The problem is that Turkmenistan refuses to let any foreign company have a stake in its gas fields.

It says that these are national resources and the government should be able to control them fully.

Only China has direct access to Turkmenistan's onshore gas fields but in return China has been investing billions of dollars into Turkmenistan and fully financed the construction of the Turkmenistan-China gas pipeline.

As a result of Turkmenistan's position, all major Western energy companies are losing their interest in the Tapi project.

One indication of that was the fact that they did not have prominent representation at Turkmenistan's major international gas congress held in May.

Is there a danger that Pakistan could turn off gas to India?

Security issues may not be the only obstacles to shipping gas through Tapi.

It seems there is no coherent mechanism in place to prevent participating states from using the pipeline as political leverage against neighbours, particularly if there is a dispute between Pakistan and India.
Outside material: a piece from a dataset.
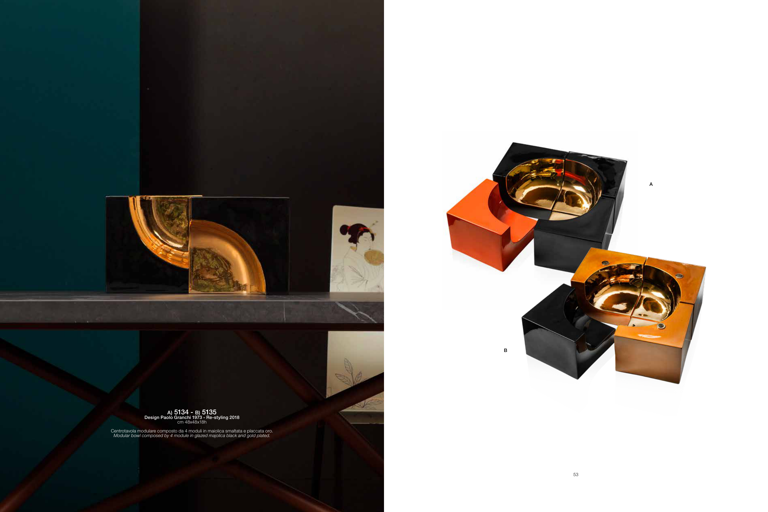 Centrotavola modulare composto da 4 moduli in maiolica smaltata e placcata oro.

Turkmenistan's approach is to sell its gas at its border and argue that it is not responsible for whatever happens afterwards, says John Roberts.

So it is not clear who will ensure that Pakistan will not cut off the gas flow into India if there is a new wave of tension between the two countries.

The Asian Development Bank, the transaction adviser of this project, gave a somewhat vague answer when approached by the BBC.

"We believe all parties will be actively working to ensure that gas flows cannot be manipulated for political advantage and they will put in place suitable mechanisms to deter adequately the temptation to do so."

How safe is it to have a pipeline across Afghanistan?

Security issues are another major challenge for this project. More than 700km of the pipeline will cross through Afghanistan, including Helmand and Kandahar provinces that are traditionally considered to be Taliban strongholds.

The Afghan government has promised to provide troops to protect the pipeline.

However, with the end of Nato's operation, the security situation seems to be deteriorating. Recent reports about clashes near the Turkmen-Afghan border and the Taliban gaining strength in the north makes the project even less attractive for investors.

The pipeline was expected to be operational from 2017 but has been pushed back to 2018. Recently, Afghan President Ashraf Ghani said that the pipeline would not be completed in the next five years, casting even more doubt on its future.

So a combination of security issues and financial questions means that there is a long way to go before the Tapi project gets off the ground.

The way Turkmenistan deals with the financial problems in particular will have a direct impact on its other projects, including the construction of the Trans-Caspian pipeline that is projected to ship Turkmen gas to Europe.

If Turkmenistan refuses to let foreign companies have direct access to its gas fields, those other projects are - like the Tapi project - in danger of remaining pipe dreams.